Is Eating a "Waste" of Time?

I did a little project a couple of years ago on student misconceptions and the conceptual change model. I chose to do my lesson plan on digestion, specifically the fate of the food we eat. In my preliminary research, I found that many students have this idea that the food is eaten, goes through the digestive system, and emerges as waste from the anus (giggles all around). When asked about how much of the original food leaves the body, the numbers were extremely high - 50%, 90%, even 100%. This is quite understandable given our personal experience with said waste and no way of explaining the volume of it produced. Students have this abstract idea that food is needed for energy, but for all they know we somehow extract the energy (whatever that is) from food in the digestive system itself and then eliminate the food when we're finished "using it." Few students seemed to have any conception of how the food is used for growth, maintenance, repair of our own tissues/cells or what energy is. There are a lot of lessons suggested by these misconceptions, but at the time I was taking this class I was required to produce a single lesson plan that would address the misconception. I don't think it was very effective.

For my regents classes I wanted to start with the misconception, so the title of this post was my AIM. As a DO NOW I asked students to describe the fate of food from start to finish, expecting the misconception again to come out in their responses. They were however a little too saavy and mostly mentioned the part about breaking down food into smaller particles that were absorbed into the bloodstream and carried to the cells.
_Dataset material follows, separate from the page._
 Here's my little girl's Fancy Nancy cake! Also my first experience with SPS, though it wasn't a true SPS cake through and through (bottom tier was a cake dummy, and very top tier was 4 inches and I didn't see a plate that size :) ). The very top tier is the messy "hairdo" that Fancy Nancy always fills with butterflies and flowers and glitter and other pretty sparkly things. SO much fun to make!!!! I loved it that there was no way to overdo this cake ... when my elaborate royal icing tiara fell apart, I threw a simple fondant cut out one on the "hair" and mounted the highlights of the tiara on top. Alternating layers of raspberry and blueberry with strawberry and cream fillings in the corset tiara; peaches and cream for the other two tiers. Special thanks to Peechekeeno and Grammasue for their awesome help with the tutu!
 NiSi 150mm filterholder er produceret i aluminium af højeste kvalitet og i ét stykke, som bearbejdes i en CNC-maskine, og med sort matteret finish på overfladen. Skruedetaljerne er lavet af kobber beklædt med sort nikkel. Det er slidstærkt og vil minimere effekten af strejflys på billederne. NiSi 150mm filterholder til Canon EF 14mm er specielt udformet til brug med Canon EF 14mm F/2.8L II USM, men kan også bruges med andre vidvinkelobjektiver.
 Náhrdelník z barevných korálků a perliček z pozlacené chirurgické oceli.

From the misconception, I planned a short project for students to do some cooperative group work, researching the structure and function of various parts of the disgestive system, jigsawing with other experts, then re-convening to put it all together into a coherent narrative. As part of the project, students will construct a scale model of the digestive system - schematically conceived - and use the model as a prop when they present. Each person in the group is responsible for detailing the fate of one nutrient - carbohydrate, protein, lipid. Here are the details:

A JOURNEY INTO THE DIGESTIVE SYSTEM & BEYOND

Your Task

1. Describe the fate of one nutrient in the human body:


a. A protein


b. A fat/lipid


c. A carbohydrate – starch


d. A carbohydrate – sugar.


e. A carbohydrate – fiber

2. Describe what happens if something goes wrong in the digestive system

--Describe real conditions that affect humans.

3. Create a scale model of the digestive system using everyday materials such as
cardboard, fabric, paper, etc.

Procedure:

1. Form groups of 4.

2. Each group member will become an expert in one of the following parts:


a. Mouth & Esophagus


b. Stomach


c. Small Intestine


d. Large Intestine & Accessory Organs (Liver, Pancreas)
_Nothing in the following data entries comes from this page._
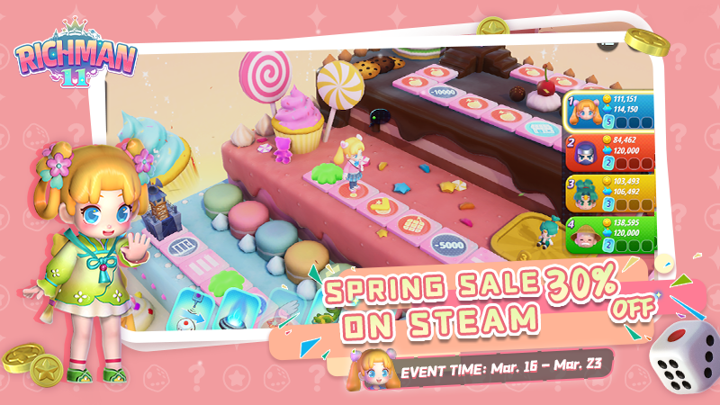 We bring a sale for everyone to celebrate this traditional festival!, Richman 11 now has 30% off discount. Play with your friends, you can select maps, characters and group play, creating free play or challenge play. Try to earn money and win the play by investing properties!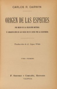 1900 ca. LIVRE : (HISTOIRE NATURELLE). DARWIN, CARLOS R. : ORIGINE DES ESPÈCES. PAR LA SÉLECTION NATURELLE OU LA CONSERVATION DES RACES DANS LEUR LUTTE POUR L'EXISTENCE. Trad. A. López White. Valencia : Sampere y Compañía Ed., s.a. 3 vol. in 8º. I : 235 p. + 2 h. II : 232 p. + 3 h. III : 296 p. + 4 h. Trois volumes enc. en demi-cuir. Traduit automatiquement par DeepL. Seule la version originale fait foi.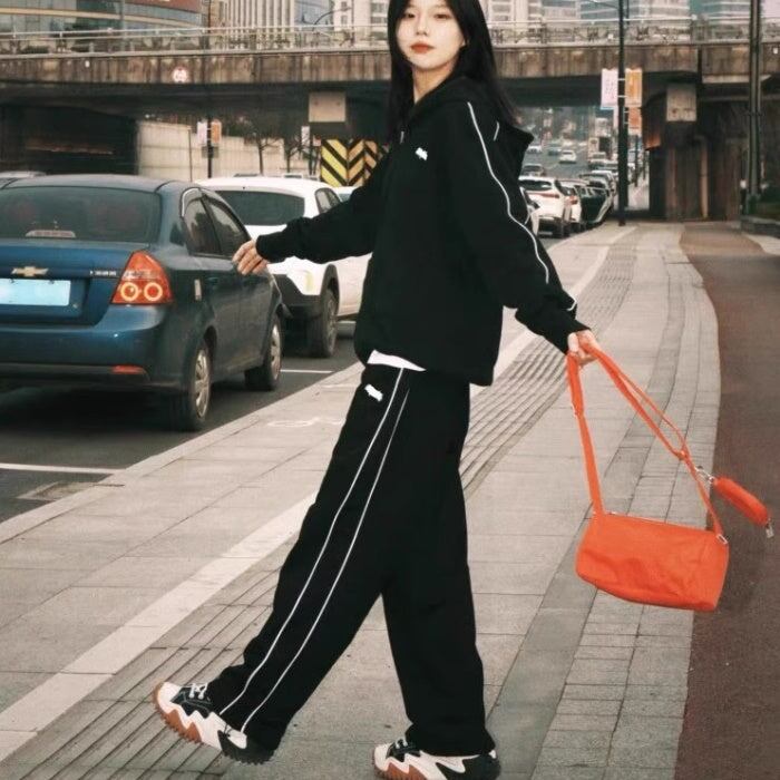 ジャージセットアップ レディース 韓国 ファッション ジップジャケット ラインジャージ ラインパンツ ジップジャケット トラックトップ 2点セット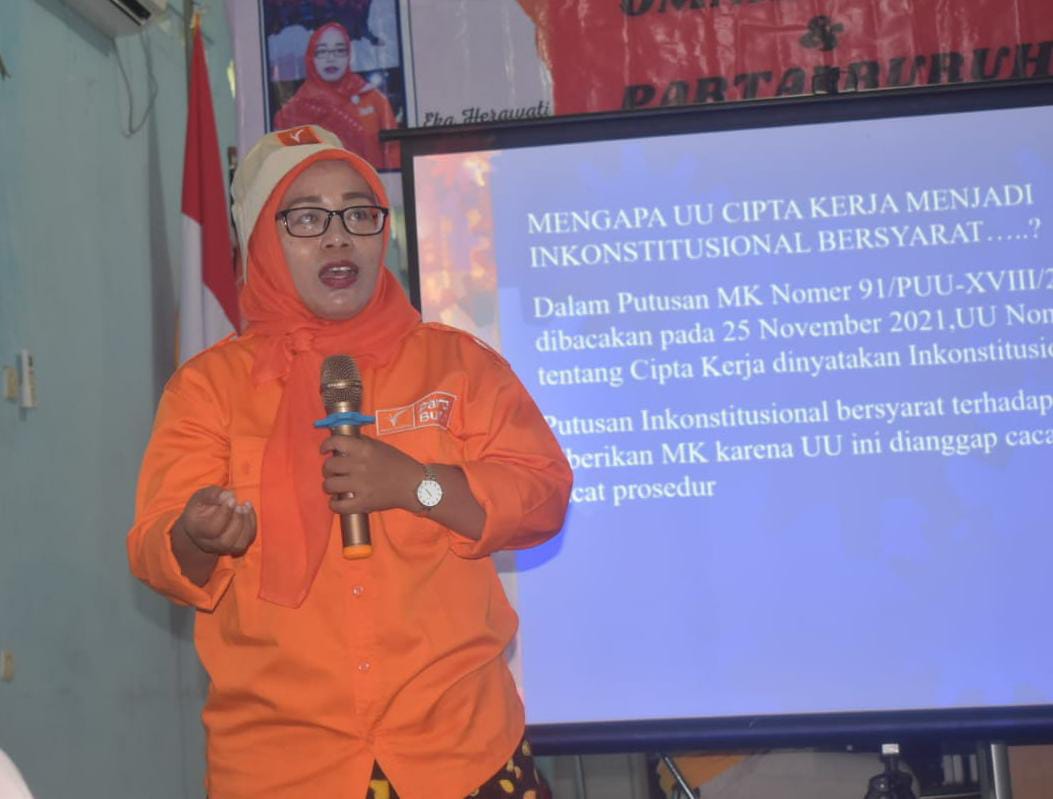 Dalam acara sharing dan caring ini, Ketua Exco Partai Buruh Kabupaten Mojokerto Eka Hermawati SH hadir untuk mengisi materi dan membagi pengalamannya pada para peserta.

3. Jigsaw: At different times, experts for each part of the system will get together to share notes. Then you will return to your main group. Since the different parts of the system work together, you will need to understand how all the parts work together. (See details)

4. Create a storyline detailing what happens to your nutrient. (See details)
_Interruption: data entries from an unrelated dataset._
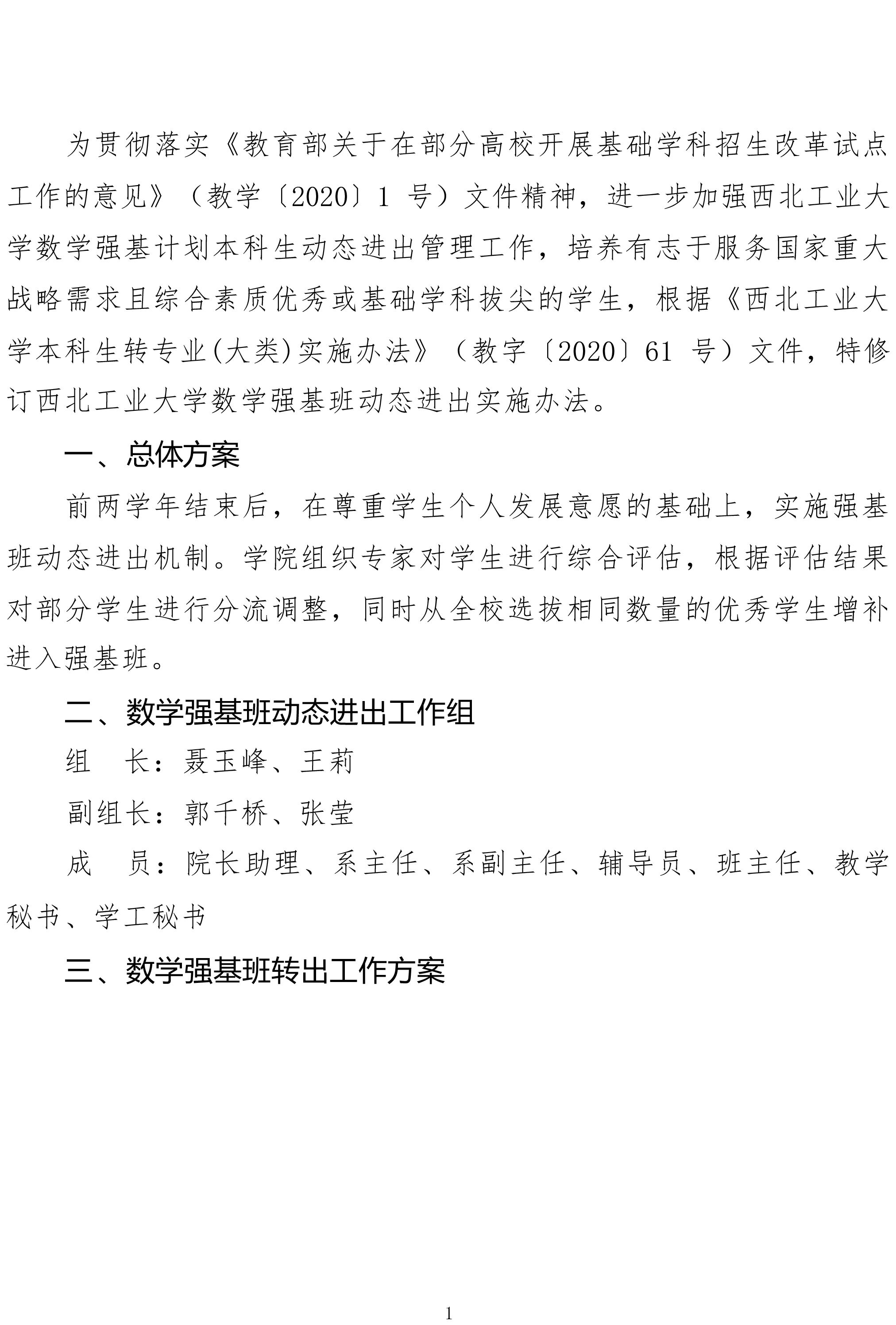 betway西汉姆联平台数学强基班动态进出实施办法通知(试行)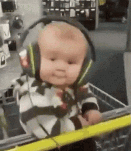 Adorable baby in a shopping cart happily listening to music with large headphones in a store.
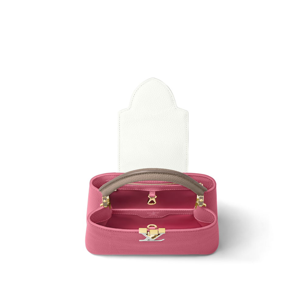 兩款Capucines Mini手袋以俏皮的設計以及鮮明的色彩吸引人,採用明亮的檸檬綠和粉色等流行色的搭配,並帶有白色的LV包身搭扣,非常適合用來搭配夏季造型。配有可拆卸撞色鏈條,最實用的包袋,斜背、側背、手拿一次滿足!檸檬綠€5,300(約

5. Create a scale model of the digestive system. (See details)

Presentation:

Each group will have a 5-minute presentation. You will use the scale model as a prop to help you tell the story of your nutrient. (See rubric).

I will post some more of the details as we progress. Here are the original questions I've asked students to research:

Part 1: Basic Research (Use extra paper if needed)

• What does digestion mean?
• What is the basic structure and function of your organ/organs.
• What is the organ made of (what kinds of cells, tissues, etc)? What does the organ do?
• What do the specialized parts of the organ do?
• What does the food look like before it is worked on by your organ? After?
• What kinds of nutrients are digested by your organ/organs?
• What is the sequence of events within the whole digestive system? (Numbered list.)
• What happens if some part of your organ/organs malfunction? Explain, name a disorder.
  
  

Creating Models as Inquiry Process

It's been a terrily busy week with class & parent teacher conferences and the like.

OK, so I presented the DNA modeling activity in my curriculum & instruction class Monday night. I'm still not clear in my mind to what extent the activity is an inquiry activity. I got some good suggestions (below) on how to make it more of an inquiry activity, but as it was carried out I remain skeptical.

First, what is inquiry? One of my problems with this term is that it means so many different things to so many people. In order to answer address the question, "Is it inquiry?" you first have to define the term.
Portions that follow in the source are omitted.